The great vociferous North American trade negotiations are finally over. And while the deal could still be derailed by the coming November mid-term elections in the United States, it’s very likely that the United States-Mexico-Canada Agreement (USMCA) will be the new framework for conducting trade on the continent.

There has been a lot of ink spilled as to whether this was a good deal. But anyone who expected Canada would somehow emerge with a better deal than what we had is unaware of reality.

Canada needed a deal much more than the Americans, given our trade dependency.

It’s good that we now have a deal with a longer-term sunset clause (potential abrogation within 16 years) and a dispute settlement mechanism.

Destructive tariffs on the auto sector have been avoided and the agreement is trilateral.

In the end, Canada made some minor concessions on supply management and the minimum cross-border retail threshold and everyone was all smiles.

But behind the smiling, we must take a realistic assessment of our trade relationship with the U.S. because there has been a major ground shift.

The old agreement (the North American Free Trade Agreement, or NAFTA) was a vision of North American trade that despite having “free trade” in its name was never really unfettered trade. It was a trade management framework.

Nevertheless, names are important and the fact that it was presented as a free trade agreement (and North American) indicated a big picture view that superseded the interests of the three countries. While American interests dominated NAFTA, the U.S. was diplomatic enough to publicly view it as a partnership to help grow economies in a co-operative framework.

The name switch to the USMCA is quite significant, first because it eliminates the term free trade and second because it emphasizes specific national interests by listing the three countries – with the U.S. being first. This is clearly an “America First” agreement. Essentially, the purpose of the USMCA is to first promote the economic and trade interests of the U.S. within the North American and global trade environment and place the economic interests of its partners in second place.

Even with an agreement, the Americans have already signalled they may still impose tariffs on Canada when it suits their purposes – the maintenance of tariffs on steel and aluminum is the clearest indication of this. While a dispute settlement mechanism remains in place, it’s difficult to see how effective it will be given any tariff measures justified in the name of national security.

The Chinese reaction, that this agreement is a “hegemonic action” by the U.S., is pretty close to the mark given that the new agreement makes some interesting institutional changes designed to enhance America’s already strong influence with its North American trade partners.

First, there’s the formal requirement that Canada and Mexico notify the U.S. of any intent to negotiate with non-market economies (i.e. China) and it remains to be seen if this will be a diplomatic courtesy or evolve into a right of veto by the Americans.

Second, there’s the section that establishes a committee to monitor the macroeconomic and exchange rate policies of the three countries ostensibly to maintain market-oriented exchange rates and refrain from competitive devaluation. Of course, one immediately wonders how long it will be before the Americans hint that our market-set exchange rate is too low and favours our exports, and provide direction on what we should do.

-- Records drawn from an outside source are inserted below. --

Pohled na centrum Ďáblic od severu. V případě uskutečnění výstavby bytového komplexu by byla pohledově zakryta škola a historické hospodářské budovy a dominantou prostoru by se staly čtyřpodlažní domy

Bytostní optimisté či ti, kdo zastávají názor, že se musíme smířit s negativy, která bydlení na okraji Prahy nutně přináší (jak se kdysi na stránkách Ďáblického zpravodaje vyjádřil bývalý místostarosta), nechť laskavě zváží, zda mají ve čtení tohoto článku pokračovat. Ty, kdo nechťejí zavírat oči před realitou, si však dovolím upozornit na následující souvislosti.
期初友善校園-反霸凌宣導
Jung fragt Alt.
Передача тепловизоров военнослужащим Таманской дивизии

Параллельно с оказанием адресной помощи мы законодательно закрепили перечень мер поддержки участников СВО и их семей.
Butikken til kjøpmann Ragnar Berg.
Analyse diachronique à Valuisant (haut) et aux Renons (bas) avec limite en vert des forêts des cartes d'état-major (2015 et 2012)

While there are no doubt fiscal and monetary policy links between Canada and the U.S. already, this more formal process raises questions about the independence of our fiscal and monetary policy and the role of the Bank of Canada.

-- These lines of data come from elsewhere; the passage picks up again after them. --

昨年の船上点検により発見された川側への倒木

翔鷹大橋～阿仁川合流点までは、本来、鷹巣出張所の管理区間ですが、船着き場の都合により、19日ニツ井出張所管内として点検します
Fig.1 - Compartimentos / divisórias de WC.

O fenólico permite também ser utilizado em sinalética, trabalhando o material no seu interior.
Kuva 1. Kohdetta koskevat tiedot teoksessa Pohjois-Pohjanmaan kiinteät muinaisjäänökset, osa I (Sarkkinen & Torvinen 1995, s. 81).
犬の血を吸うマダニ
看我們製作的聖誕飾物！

This agreement preserves much of what was in NAFTA and also creates several new dimensions to the playing field. There has been a major shift in the American view of what a trade agreement means and the extent to which the U.S. is willing to play hardball to get what it wants, as recent negotiations so clearly illustrate.

How much of this shift is a function of the administration of President Donald Trump and how much reflects a permanent change will be crucial to Canada’s economic future.

Livio Di Matteo is a senior fellow at the Fraser Institute and professor of economics at Lakehead University in Ontario.